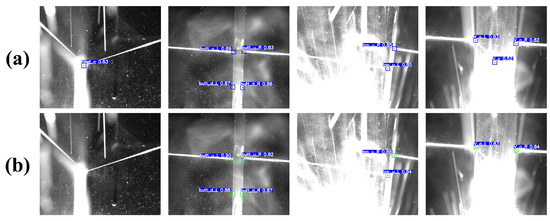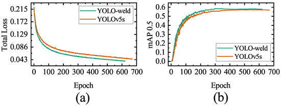 The variation of mAP 0.5 and total loss with the number of training rounds for both models is shown in Figure 17. Notably, YOLO-weld, an improvement over YOLOv5s, exhibits faster convergence, higher optimal accuracy, and superior regression performance. The test results of the model on the test set are shown in Table 8. The YOLO-weld proposed in this study has a slightly lower recall compared to YOLOv5s, but both precision and mAP are significantly improved, and the detection speed is significantly enhanced. Consequently, YOLO-weld also demonstrates enhanced stability and performance in nonwelding target detection tasks, further substantiating its advanced, stable, and scalable characteristics.
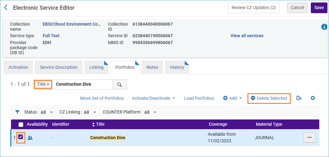 1. Select the portfolio you want to delete. You can search the list by ISBN, ISSN, and title. Check the box next to the portfolio and click Delete Selected
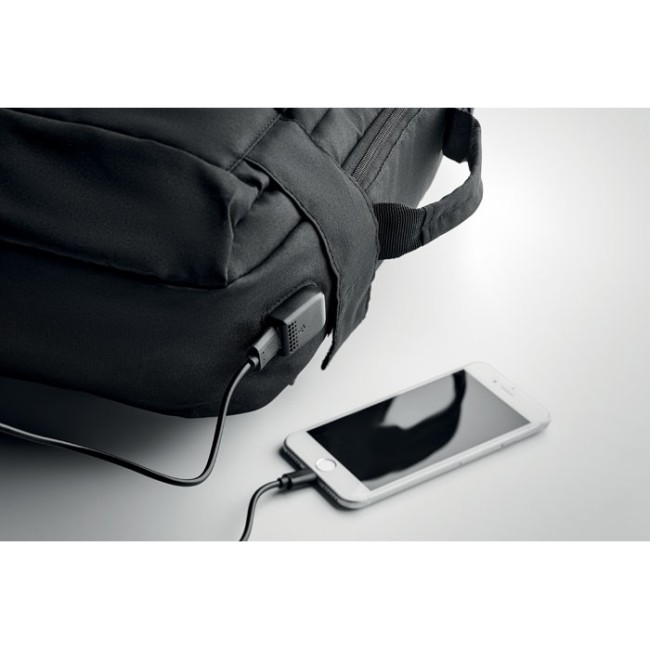 Zaino portapc in poliestere riciclato 300D. Spallacci imbottiti, un grande comparto interno adatto a un laptop da 16' e cavo di ricarica USB.
+---+
Your copy of the material above should be exact and free of pictures.

Problem solution:
 The variation of mAP 0.5 and total loss with the number of training rounds for both models is shown in Figure 17. Notably, YOLO-weld, an improvement over YOLOv5s, exhibits faster convergence, higher optimal accuracy, and superior regression performance. The test results of the model on the test set are shown in Table 8. The YOLO-weld proposed in this study has a slightly lower recall compared to YOLOv5s, but both precision and mAP are significantly improved, and the detection speed is significantly enhanced. Consequently, YOLO-weld also demonstrates enhanced stability and performance in nonwelding target detection tasks, further substantiating its advanced, stable, and scalable characteristics.
 1. Select the portfolio you want to delete. You can search the list by ISBN, ISSN, and title. Check the box next to the portfolio and click Delete Selected
 Zaino portapc in poliestere riciclato 300D. Spallacci imbottiti, un grande comparto interno adatto a un laptop da 16' e cavo di ricarica USB.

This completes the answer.